The problem ▸ Write out, word for word, the part of the listing below that opens with the line containing "建築物屋根に使用する笠木部材" and closes with the line containing "Ted, the glowing", keeping both of those lines and adding no others.

The data ▸
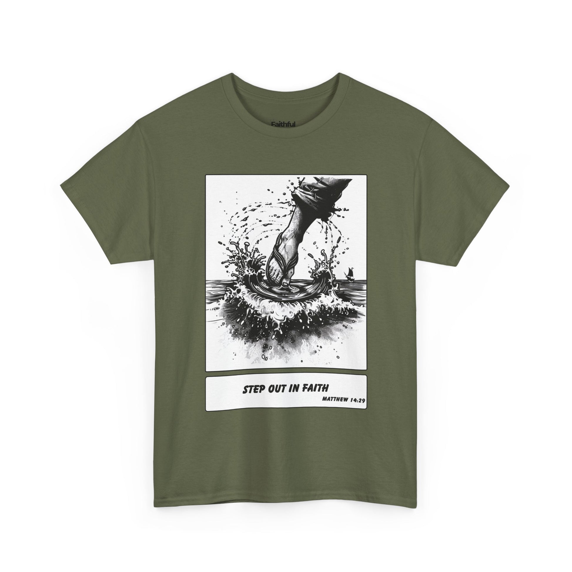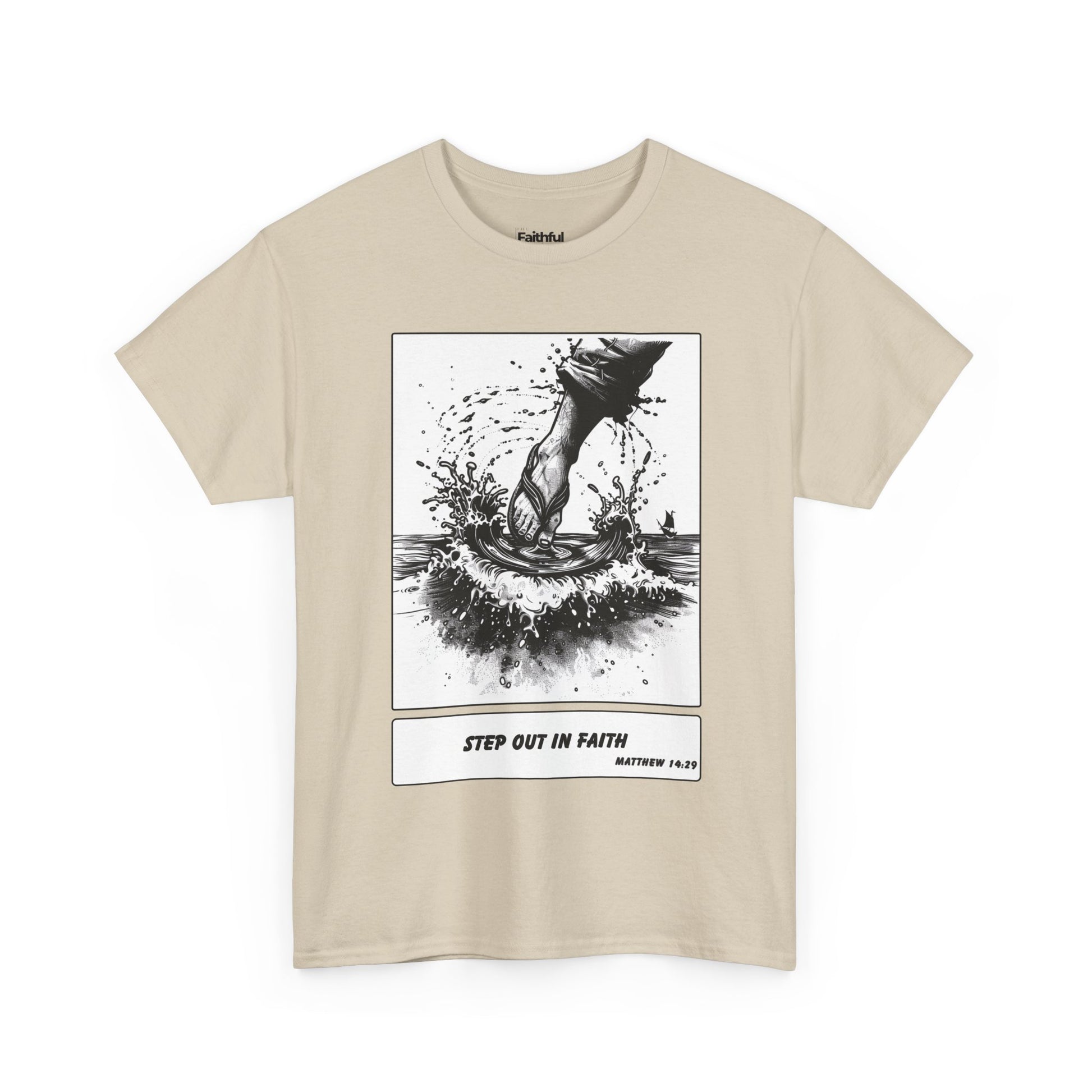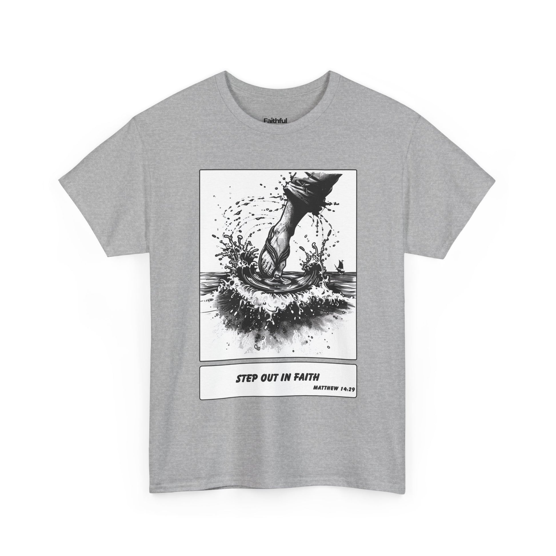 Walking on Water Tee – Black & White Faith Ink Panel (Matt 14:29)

---

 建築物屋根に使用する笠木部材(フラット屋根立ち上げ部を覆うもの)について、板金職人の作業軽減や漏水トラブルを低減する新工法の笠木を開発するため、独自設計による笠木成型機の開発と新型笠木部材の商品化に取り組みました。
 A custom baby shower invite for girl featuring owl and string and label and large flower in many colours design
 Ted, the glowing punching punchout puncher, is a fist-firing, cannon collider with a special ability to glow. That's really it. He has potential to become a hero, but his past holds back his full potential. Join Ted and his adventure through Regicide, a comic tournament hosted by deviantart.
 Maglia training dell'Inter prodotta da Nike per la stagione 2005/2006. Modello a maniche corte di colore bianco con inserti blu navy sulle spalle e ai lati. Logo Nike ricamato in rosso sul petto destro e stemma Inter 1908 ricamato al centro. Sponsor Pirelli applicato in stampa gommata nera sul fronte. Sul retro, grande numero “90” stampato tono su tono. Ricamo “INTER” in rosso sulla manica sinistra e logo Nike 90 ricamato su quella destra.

Task response ▸
 建築物屋根に使用する笠木部材(フラット屋根立ち上げ部を覆うもの)について、板金職人の作業軽減や漏水トラブルを低減する新工法の笠木を開発するため、独自設計による笠木成型機の開発と新型笠木部材の商品化に取り組みました。
 A custom baby shower invite for girl featuring owl and string and label and large flower in many colours design
 Ted, the glowing punching punchout puncher, is a fist-firing, cannon collider with a special ability to glow. That's really it. He has potential to become a hero, but his past holds back his full potential. Join Ted and his adventure through Regicide, a comic tournament hosted by deviantart.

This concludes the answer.